J Orthop Trauma. 2024 Aug 12. doi: 10.1097/BOT.0000000000002880. Online ahead of print.
ABSTRACT
OBJECTIVES: To evaluate a new triage workflow aimed at improving time to intravenous antibiotics in open fractures to under 60 minutes of arrival to the Pediatric Emergency Department.
METHODS: Design: A prospective, multi-disciplinary, quality improvement project.
SETTING: A tertiary care, Level 1 Pediatric Trauma hospital in New York.
PATIENT SELECTION CRITERIA: Patients aged 17 and under with long bone open fractures between June 1, 2020 and May 31, 2021, excluding those transferred from an outside hospital, with non-long bone fractures and non-fractured, injured extremities.Outcome Measures and Comparisons: The new workflow involved splint removal and skin assessment during triage to identify open fractures. Serial Plan-Do-Study-Act (PDSA) cycles aimed to refine this workflow and reduce antibiotic administration time. Primary outcome: Percentage of open fracture patients receiving intravenous (IV) antibiotics within 60 minutes. Secondary outcome: Assessment of triage documentation regarding splint presence and removal. An exact Wilcoxon two-sample test compared time from patient arrival (quick-registration) to antibiotic administration before, during and after workflow implementation on 6/1/2020.

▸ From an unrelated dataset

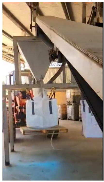
Above: Copper Sulphate going to hopper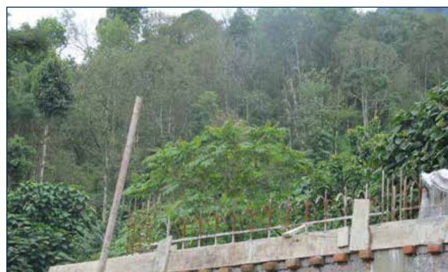
Construction of boundary wall in progress at Campus, Yangang

RESULTS: A total of 51 patients (33 male) aged 17 and under, with open fractures were reviewed: 25 during the pre-intervention phase 1/1/18-5/31/20, 14 during the intervention phase 6/1/20-5/31/21, and 12 during the post-intervention phase 6/1/21-11/30/21. Continuous improvement efforts via PDSA cycles focusing on education, reinforcement, recognition, and barrier identification increased the percentage of patients receiving antibiotics within 60 minutes from 36% to 87.5%. Median time and Interquartile range (IQR: 25th percentile-75th percentile) from quick-registration to administration was 86 minutes (IQR: 51-147) before 6/1/2020, and 34 minutes (IQR: 16- 42) thereafter.
CONCLUSION: The implemented triage workflow led to improved time to antibiotics to within 60 minutes for patients with long bone open fractures in the Pediatric Emergency Department.
LEVEL OF EVIDENCE: Level III. See Instructions for Authors for a complete description of levels of evidence.